Guardian Eval Guide

May 29, 2026 · View on GitHub

The eval harness measures whether Guardian got better — across releases, agent prompt changes, KB updates, and new tool wrappers. It lives at evals/ with three independent tiers.

Tiers

Tier	What it measures	Cost	Marker
Unit	Tool `parse_output` correctness on golden fixtures	free	(default)
Workflow	End-to-end findings against dockerised vulnerable apps	docker	`integration`
Agent	LLM hallucination rate, finding precision/recall, CVSS validity, cost/token	API tokens	`agent_eval`

Running

pytest evals/                                     # unit tier only
pytest evals/ -m integration                      # adds workflow tier
pytest evals/ -m agent_eval                       # adds agent tier
pytest evals/ -m "integration or agent_eval"      # both
pytest tests/ evals/                              # everything that's free

Adding fixtures (Tier 1)

Drop two files under evals/fixtures/<tool>/<case>.{input.txt,expected.json}. The runner picks them up automatically — no code changes.

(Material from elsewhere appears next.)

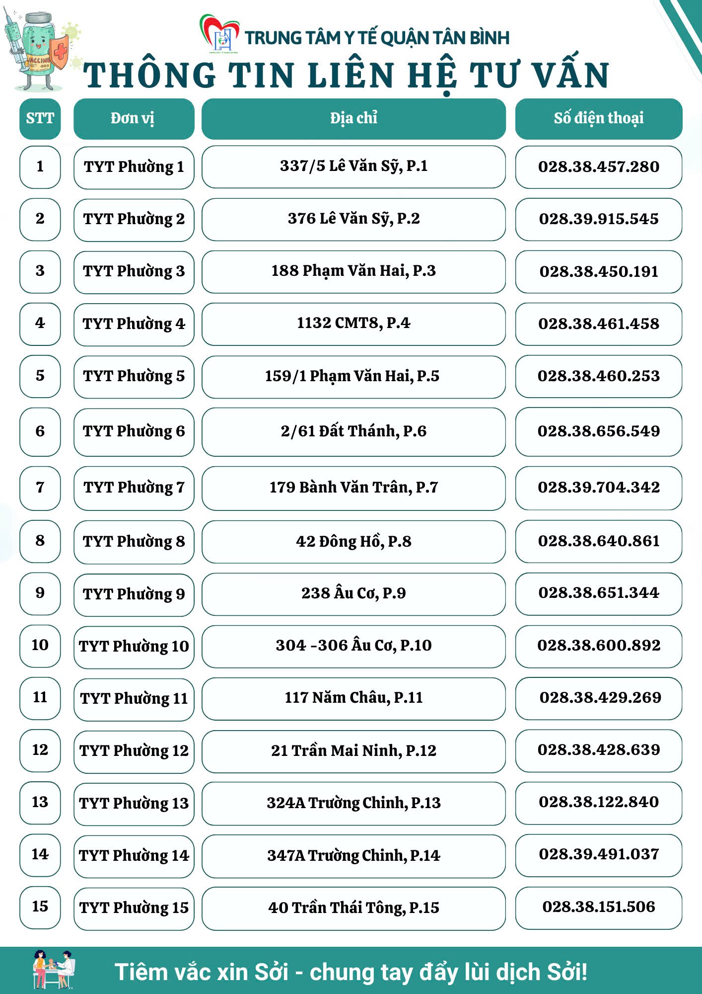 Vắc xin sởi: Tiêm bổ sung cho trẻ từ 6 tháng đến dưới 9 tháng tuổi là an toàn và cần thiết - Thông tin các điểm tư vấn về tiêm chủng Sởi tại quận Tân Bình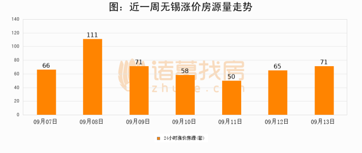 根据诸葛找房数据显示,无锡24小时涨价房源量为71套,较09月12日增加6套,环比上涨9.2%。与此同时,涨价房源占比小幅扩大,业主信心有所提升。

expected.json is a subset match: any keys you don't assert are ignored, so adding new fields to a tool's parsed output won't break old fixtures.

# Capture real tool output
nuclei -u https://example.com -json > evals/fixtures/nuclei/example_run.input.txt

# Author the expected subset
cat > evals/fixtures/nuclei/example_run.expected.json <<'JSON'
{"vulnerabilities": [{"template": "tech-detect:nginx", "severity": "info"}]}
JSON

Adding workflow cases (Tier 2)

Edit EVAL_CASES in evals/test_workflow_integration.py. Each case needs a runnable target (URL or IP), the workflow name, and an expected_findings list of identifiers the workflow MUST surface.

Bring up the docker target out-of-band (compose, k8s, whatever) and run with -m integration. The harness deliberately does NOT manage docker state — that lives in your engagement automation.

Adding agent eval cases (Tier 3)

Append to evals/datasets/<name>.jsonl. One JSON record per line:

{"tool": "nuclei", "raw_output": "<verbatim stdout>", "expected_cves": ["CVE-..."], "expected_severities": ["critical"], "notes": "..."}

Records are public — strip operator-internal IPs, hostnames, credentials.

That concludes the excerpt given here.